Monday, September 15, 2014

Berlin Wall

Charlottesville, Virginia 

This year marks the 25th anniversary of the fall of the Berlin Wall. Earlier this year, four panels from the wall were installed on the grounds of the University of Virginia where they will be on display for  more than a year. The sections of the wall are on on the UVa grounds adjacent to the Alderman Library, where my wife took these pictures with her camera phone. The accompanying sign reads:

"In 1990, Robert Hefner, sensing the long-term magnitude of human change and historical enormity of the people of East and West Germany tearing down the Berlin Wall, sent a representative to Berlin to negotiate for a substantial section of the Wall. He believed a portion of the wall would be an icon of the 'power of personal freedom.' Hefner secured four complete panels of the Wall, measuring sixteen feet in length and twelve feet tall, containing two murals by the graffiti artist Dennis Kaun. Painted on the West German side are two kings: a brightly colored, joyful king, representing freedom, and a largely colorless, blindfolded king, oblivious to the needs and wishes of the people. The East German side remains dull gray cement. Hefner believes these two sides, the colorful, lively West German side and the gray East German side, artistically represent the character of freedom and enslavement.
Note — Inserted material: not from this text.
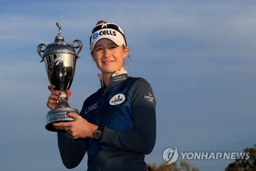 (서울=연합뉴스) 임순현 기자 = 미국여자프로골프(LPGA) 투어 2021시즌 주요 개인상 부문에서 경쟁 중인 고진영(26)과 넬리 코다(미국)가 시즌 마지막 대회까지 치열한 승부를 이어갔다.

"As Hefner says, these pieces of the Wall are a great monument to the 'power of personal freedom.' When Ronald Reagan was President of the United States, he went to Berlin in 1987 and demanded, 'Mr. Gorbachev, tear down this Wall," yet neither Reagan nor Soviet president Mikhail Gorbachev, the world's most powerful leaders, could make that happen. Instead, it was the people, exercising their free will and 'power of personal freedom,' which could and did tear down the wall and usher in a period of momentous human change with political implications still with us today.

"West German graffiti artist Dennis Kaun created his Pop Art murals on the west side of the Berlin Wall using spray paint instead of brushes. Working quickly and under the cover of the night, as it was illegal to paint on the Wall, he and an assistant took six hours over two sessions to create the murals he entitled 'Kings of Freedom." Over a period of years, Dennis Kaun became known for the unique art he created on the Berlin Wall."


The East German side of the Berlin Wall.